● **ACTIVITY**
Copy the material below verbatim from the line with "Además de lo" to the line with "A collection of Fostoria", both lines included, omitting pictures and every line outside that range.

Start of MATERIAL TO PROCESS

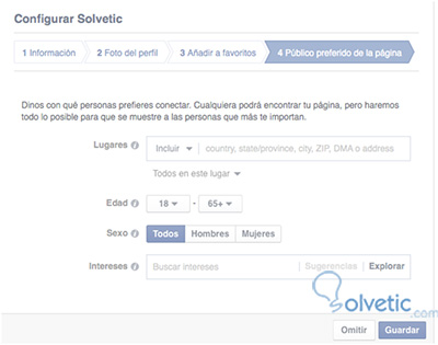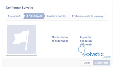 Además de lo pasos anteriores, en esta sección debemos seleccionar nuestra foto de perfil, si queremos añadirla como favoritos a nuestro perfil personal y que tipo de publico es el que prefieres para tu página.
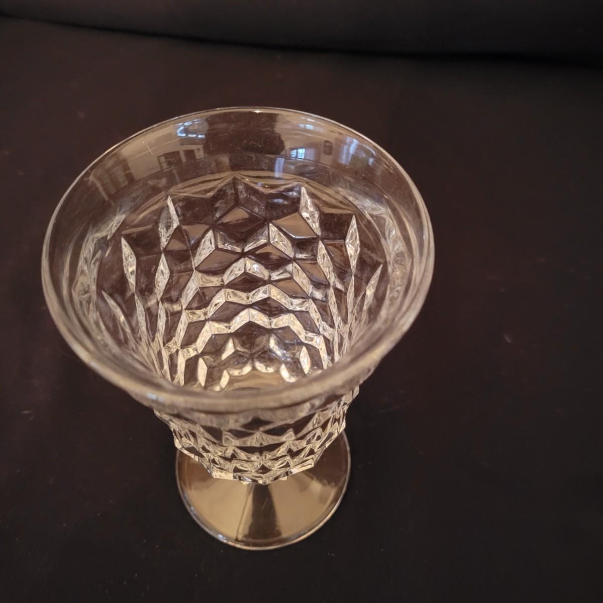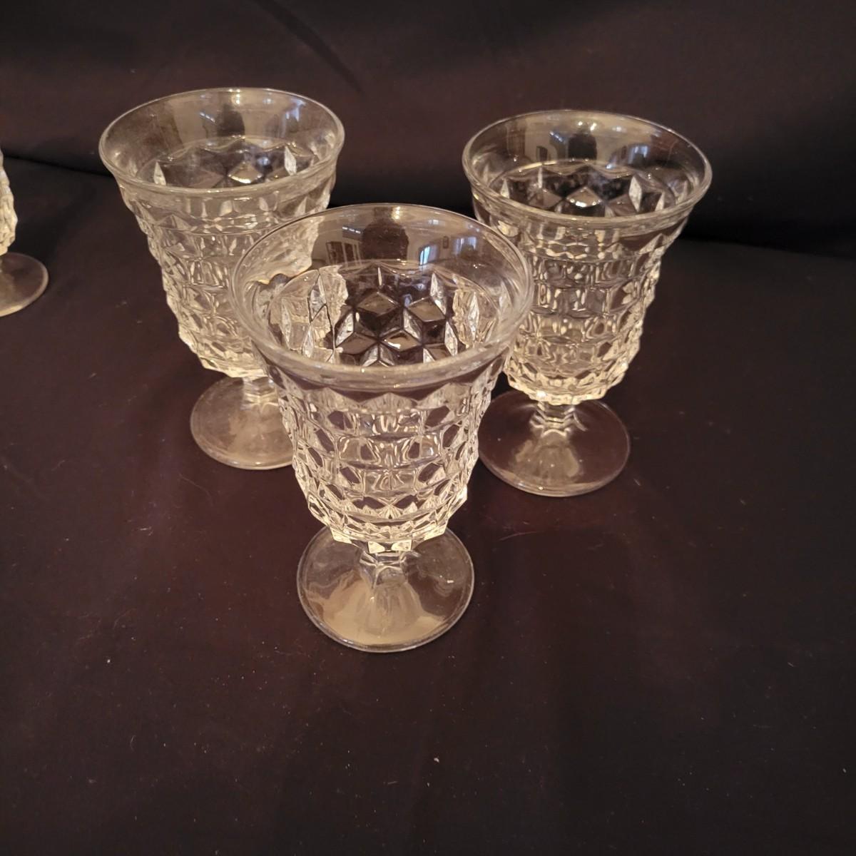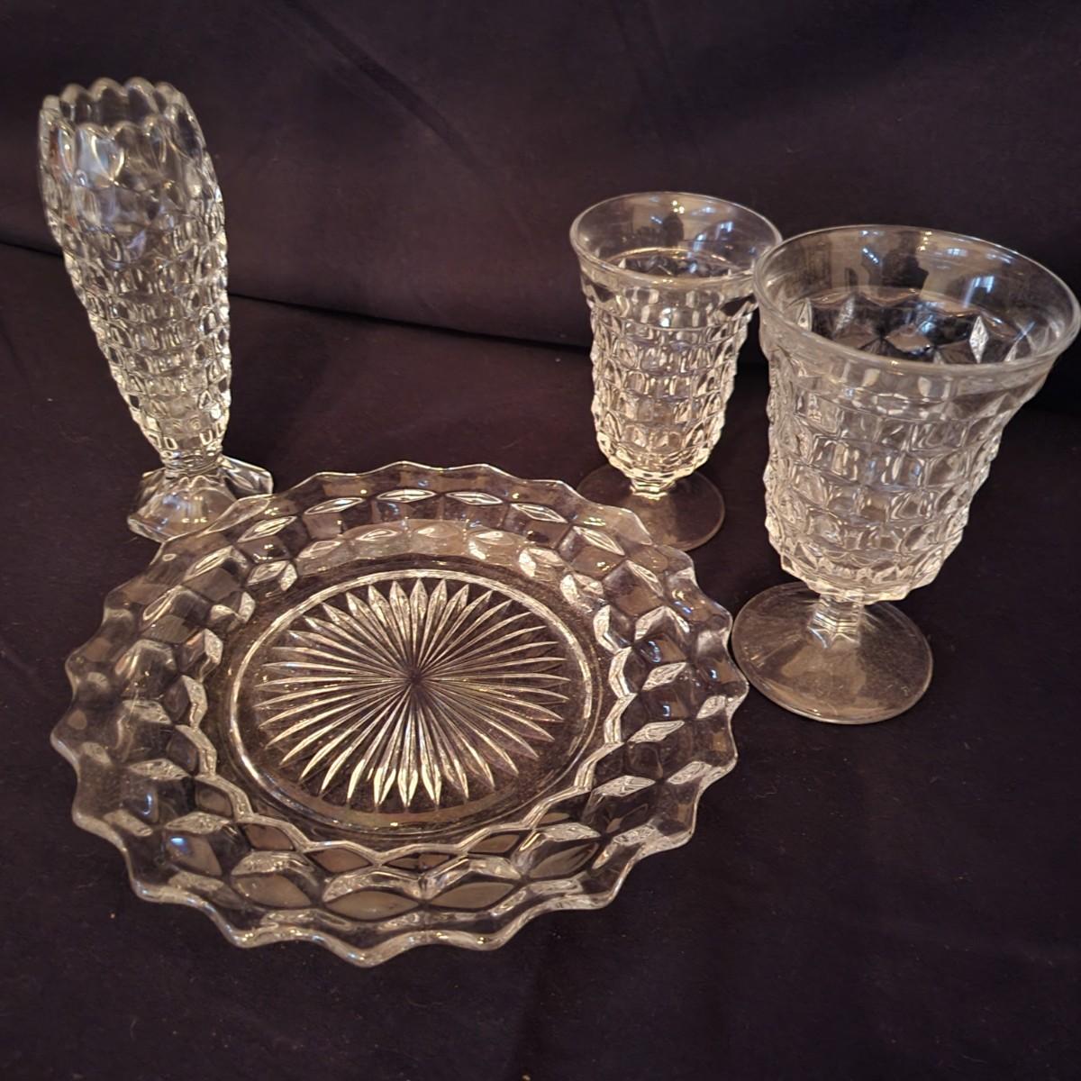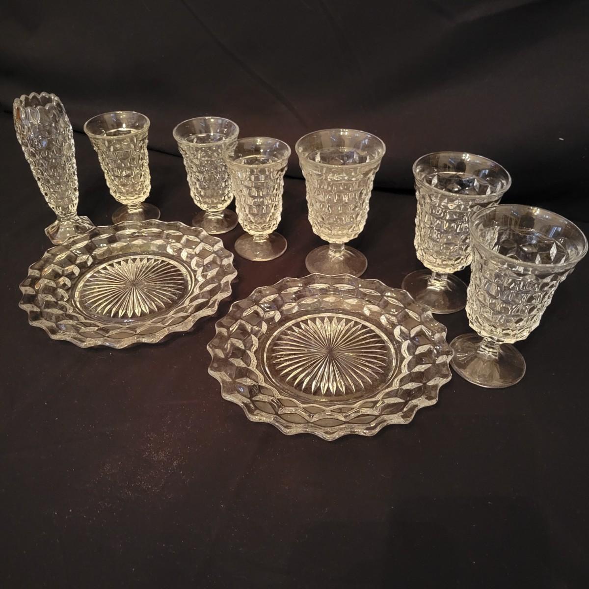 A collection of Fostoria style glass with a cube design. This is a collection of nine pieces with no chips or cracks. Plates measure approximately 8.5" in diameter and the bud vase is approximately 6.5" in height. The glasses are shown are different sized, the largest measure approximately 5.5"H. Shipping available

End of MATERIAL TO PROCESS
Start of MATERIAL TO PROCESS

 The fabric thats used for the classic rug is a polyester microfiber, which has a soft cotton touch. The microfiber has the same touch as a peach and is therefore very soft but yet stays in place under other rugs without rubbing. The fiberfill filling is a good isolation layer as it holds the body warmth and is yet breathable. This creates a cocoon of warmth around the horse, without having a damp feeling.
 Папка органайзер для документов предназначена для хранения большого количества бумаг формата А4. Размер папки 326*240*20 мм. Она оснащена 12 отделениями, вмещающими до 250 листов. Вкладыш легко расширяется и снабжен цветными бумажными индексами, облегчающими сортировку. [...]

End of MATERIAL TO PROCESS
Start of MATERIAL TO PROCESS

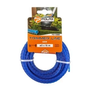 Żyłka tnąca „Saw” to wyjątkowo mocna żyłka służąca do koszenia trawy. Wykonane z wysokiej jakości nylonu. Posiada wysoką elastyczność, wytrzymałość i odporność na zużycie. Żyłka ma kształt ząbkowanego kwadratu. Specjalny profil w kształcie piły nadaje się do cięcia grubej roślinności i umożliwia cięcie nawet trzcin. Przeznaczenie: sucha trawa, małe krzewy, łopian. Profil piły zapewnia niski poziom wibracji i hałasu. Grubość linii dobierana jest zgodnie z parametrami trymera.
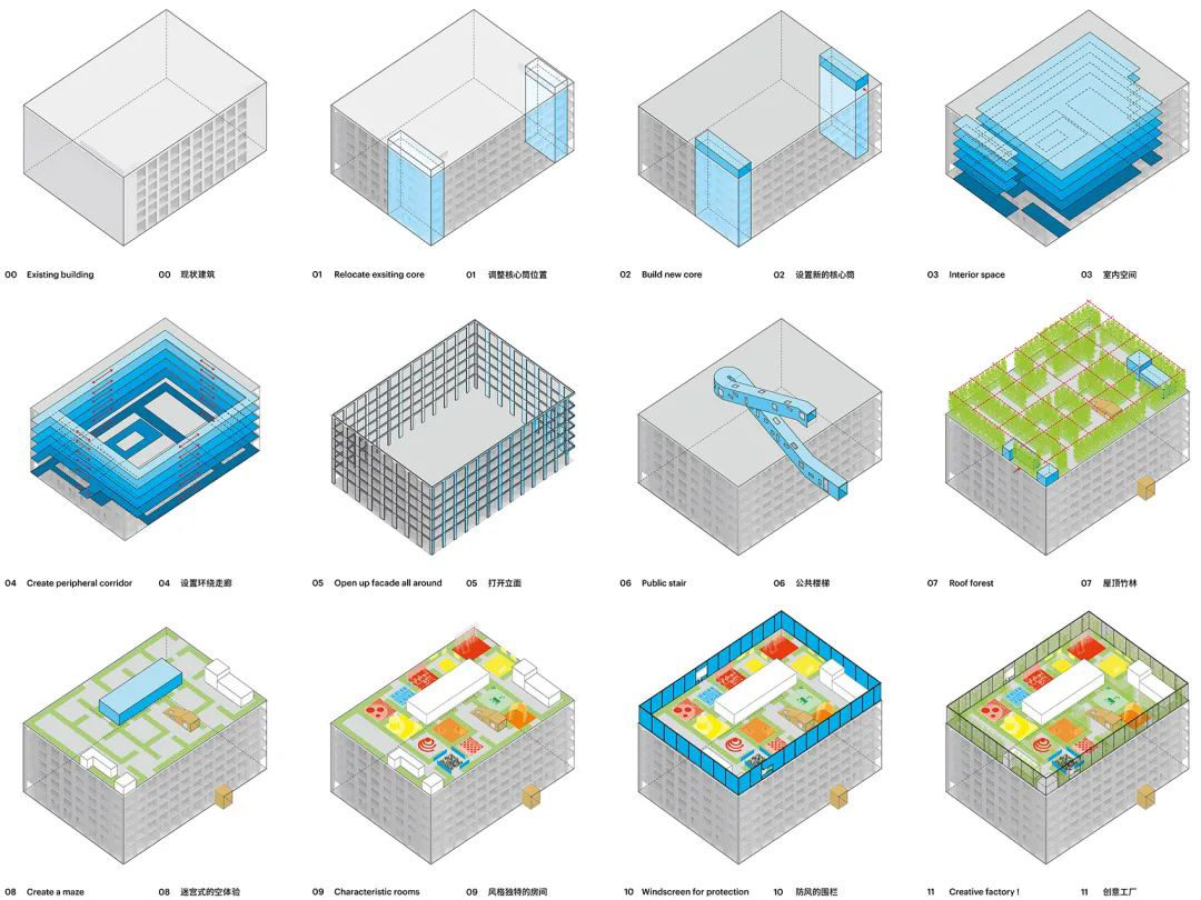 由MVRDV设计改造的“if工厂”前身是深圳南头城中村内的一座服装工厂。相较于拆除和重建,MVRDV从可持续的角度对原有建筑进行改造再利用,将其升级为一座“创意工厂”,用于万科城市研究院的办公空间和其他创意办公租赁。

End of MATERIAL TO PROCESS

● **ANSWER AREA**
 Además de lo pasos anteriores, en esta sección debemos seleccionar nuestra foto de perfil, si queremos añadirla como favoritos a nuestro perfil personal y que tipo de publico es el que prefieres para tu página.
 A collection of Fostoria style glass with a cube design. This is a collection of nine pieces with no chips or cracks. Plates measure approximately 8.5" in diameter and the bud vase is approximately 6.5" in height. The glasses are shown are different sized, the largest measure approximately 5.5"H. Shipping available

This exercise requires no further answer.